В результате выполнения данного приказа, как решил адмирал Ямада японские корабли образуют кильватерную колонну, которая сможет сконцентрировать огонь, хотя бы на одном русском крейсере, и вывести его из строя, а если удастся – потопить. Русские крейсера то же перестроились. Правда, чуть не произошло столкновение, вот такого в истории морских сражений не бывало, подумал Иессен, на виду у неприятеля два крейсера таранили друг друга, вот бы был конфуз. Корпуса “Богатыря” и “Громобоя” в какой-то момент створились, и этим не преминул воспользоваться неприятель. Дальность была примерно 20 кабельтовых, как определил дальномерщик броненосца “Фусо” и старый броненосец дал сигнал целеуказания другим кораблям 7-го отряда, потрепанного, но еще вполне боеспособного, и борта кораблей окрасились дымами выстрелов, как увидели все на Владивостокском отряде крейсеров.
Головной в японском отряде, перестроившимся из строя клина в кильватерную колонну, была канонерка “Майя”. Она была лишена брони, но вела огонь из 6-дм и 5-дм орудия. Вторым в линии японских кораблей, шел деревянный корвет “Цукуба” с мощным парусным вооружением и дымовой трубой. Он был вооружен четырьмя новейшими орудиями Армстронга калибром в 6-дм. Третьим в строю оказался, уже хорошо знакомый нам флагманский броненосец “Фусо”, на котором уцелели лишь тоже два 6-дм орудия с одного борта.
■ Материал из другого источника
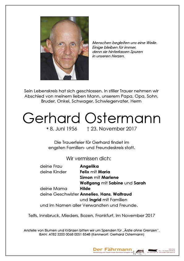 Tief betroffen sehe ich dass mein Cousin Gerhard zu seinem Vater Konrad gegangen ist. Erschütternd und doch mit liebenswerten, schönen Erinnerungen wirst du in unserer Familie deinen Platz haben.

За ним следовала канонерка “Такао”, с четырьмя 5-дм орудиями, из которых на один борт могли действовать только два. Замыкал строй 7-го отряда канонерка “Чокай”, с одним уцелевшим 8-дм орудием Круппа и лучшим канониром отряда, любящим побороться с зеленым змием, – Масо. Всего японцы выпустили по створившимся кораблям Иессена за три минуты, два восьмидюймовых, семьдесят шестидюймовых и семьдесят пятидюймовых снарядов. Причем, русские корабли были лишены возможности стрелять своим неудачным маневрированием, которое так лихо начиналось. И за такое кораблевождение Иессен сделал замечание своему начальнику штаба. Крейсера “Богатырь” и “Громобой” попали под накрытие, вода вокруг них закипела. В момент маневра “Громобой” практически был вынужден остановиться, а “Богатырь” подставить свой нос.
Канонир Масо тщательно прицеливался. Ему очень хотелось отомстить этим гайдзинам, за Порт-Артур, который японские войска уже взяли десять лет назад, силой и мужеством своих воинов, но подлые подковерные интриги, недостойные сынов Ямато, вынудили вернуть его русским. Там погиб отец Масо, и семья вынуждена была жить в впроголодь, а мать Масо стала проституткой, лишь бы вырастить троих детей. Всю свою ненависть он вложил в первый снаряд, и его поглотило море, видимо ненависть плохой помощник. Тогда Масо призвал дух отца и деда, как положено в синтоизме33, взмолился им и тщательно прицелившись, выстрелил еще раз.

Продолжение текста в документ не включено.